Something with lighter tail than Cauchy. You could start by testing what happens with half-normals on nu and tau, just to see if adding priors make any difference.
Those are really wide compared to the original posterior. Right now I’m not worried that you would use too informative prior, now I just want to know what happens if you have informative prior. If that helps with the computation then you can start thinking harder about the priors or accept that sampling is going to be slow. Also you should think anyway whether that another smaller mode is plausible.
data {
int<lower=0> J; // number of practices
real y[J]; // estimated effect
int<lower=0> n[J]; // number of Medicare beneficiaries
}
parameters {
real mu; // mean for practice
real<lower=0> nu; //
real<lower=0> tau; // sd between practices
vector[J] eta;
}
transformed parameters {
vector[J] theta;
vector<lower = 0>[J] sigma;
theta = mu + tau * eta;
for (j in 1:J) sigma[j] = nu/sqrt(n[j]);
}
model {
eta ~ normal(0, 1);
nu ~ normal(2,0.5);
tau ~ normal(0.1,0.01);
y ~ normal(theta, sigma);
}
There were 4 chains where the estimated Bayesian Fraction of Missing Information was low. See
http://mc-stan.org/misc/warnings.html#bfmi-lowExamine the pairs() plot to diagnose sampling problems
The E-BFMI (really should be E-FMI) quantifies how well the momentum resampling in HMC works. Low values indicate that the sampler is not able to explore all of the relevant energy sets fast enough which may manifest as bias in the exploration of the parameter space.
If you still see E-FMI values lower than 0.2 then you’ll have to consider reparameterizations/new priors. In particular, in many cases low E-FMI seems to indicate really poor identifiability of the likelihood which will require careful prior choice to ensure a well-behaved joint model.
Thanks @andre.pfeuffer . I’m getting this error when I try to compile the model:
SYNTAX ERROR, MESSAGE(S) FROM PARSER:
Probabilty functions with suffixes _lpdf, _lpmf, _lcdf, and _lccdf,
require a vertical bar (|) between the first two arguments.

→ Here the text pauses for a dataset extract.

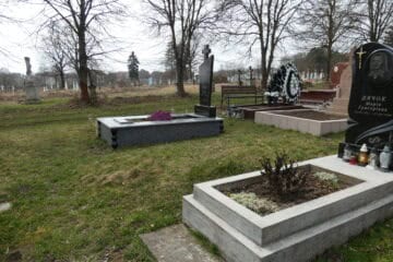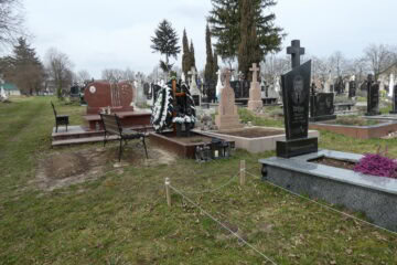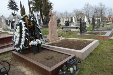 Подивитися на карті Номер могили: 1079 Номер кварталу: 1 Похований (на): Горин Михайло Йосипович 1911-1996 Горин Пелагея Григорівна 1924 Напис: Вічна пам’ять Матеріал: Бетон/залізобетон/червоний пісковик/керамограніт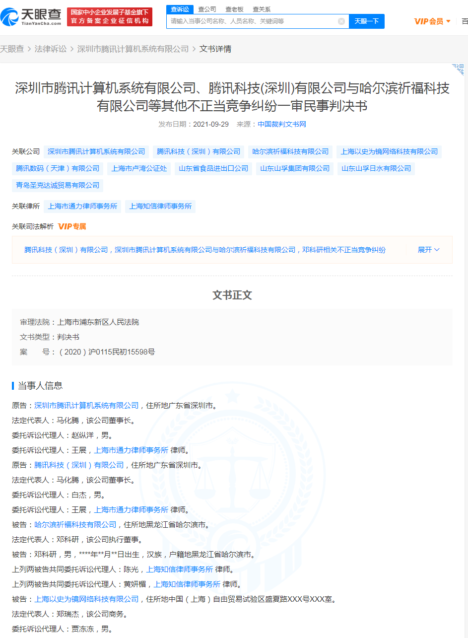 商业 腾讯起诉蚂蚁帮扶获赔300万元 2021-10-08 14:22:09 分享 来源:新浪财经因蚂蚁帮扶涉及组织诱导微信公众号进行广告刷量交易,以及微信账号买卖等行为,腾讯公司起诉其经营方,索赔500万元。10月8日,澎湃新闻记者从中国裁判文书网9月29日公开的一则民事判决书中获悉,日前,上海市浦东新区人民法院对这起不正当竞争纠纷案作出一审判决。

error in 'model27ebc53ae3cc1_stan_27ebc2609667' at line 39, column 36
-------------------------------------------------
37: rho_raw ~ normal(0, 2);
38: // see (6), (7) in http://www.academicjournals.org/article/article1380633488_Yerel%20and%20Konuk.pdf
39: target += bilognormal_lpdf(nu_tau, [0.57, -2.3]', [0.2462207, 1.26]', rho);
^
40: y ~ normal(theta, sigma);
-------------------------------------------------
PARSER EXPECTED: "|"
Error in stanc(file = file, model_code = model_code, model_name = model_name, :
failed to parse Stan model 'stan-27ebc2609667' due to the above error.
Error in stanc(file = file, model_code = model_code, model_name = model_name, :
failed to parse Stan model 'stan-27ebc2609667' due to the above error.